##### Data for the task #####
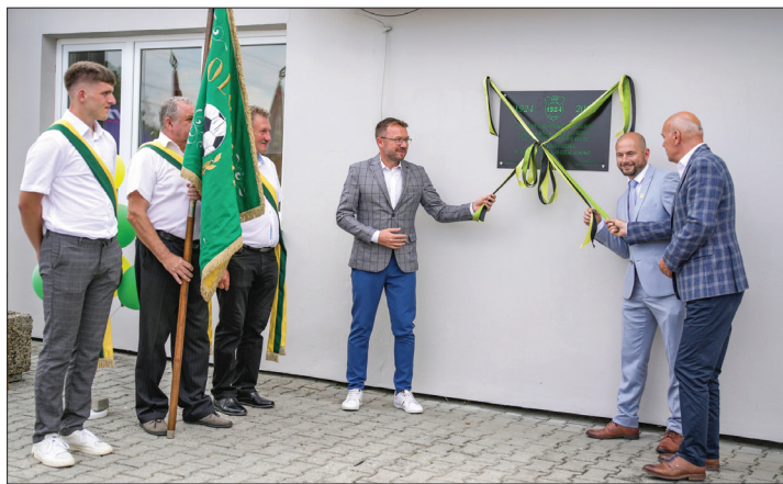
Odsłonięcie pamiątkowej tablicy
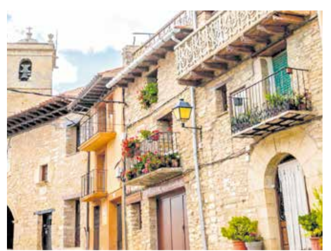
Diverses vivendes a Castellfort.
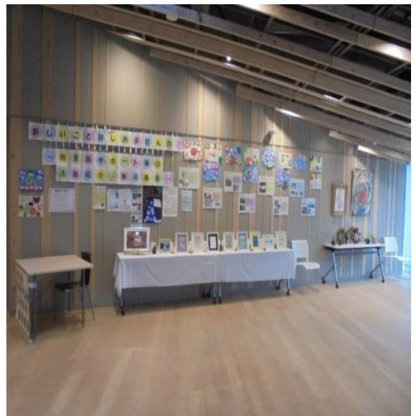
活動内容紹介・作品展示
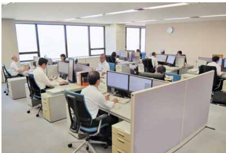
Office of Judicial Research Officials (裁判所調査官室)

In principle, as ordered by the court, judicial research officials are engaged in all technology-based IP-related litigations, such as those related to a patent or utility model, and conduct research on technical matters necessary for the court proceedings and judicial decisions for those cases. As ordered by the presiding judge, judicial research officials can ask questions to the parties concerned on the date of oral argument or on other such occasions in order to clarify the matters related to the suit (Article 92-8 of the Code of Civil Procedure).
#####
Task prompt: Start with the first line of the records above and end with the line containing "Office of Judicial". Output those lines exactly, pictures excluded.

Answer for this exercise:
Odsłonięcie pamiątkowej tablicy
Diverses vivendes a Castellfort.
活動内容紹介・作品展示
Office of Judicial Research Officials (裁判所調査官室)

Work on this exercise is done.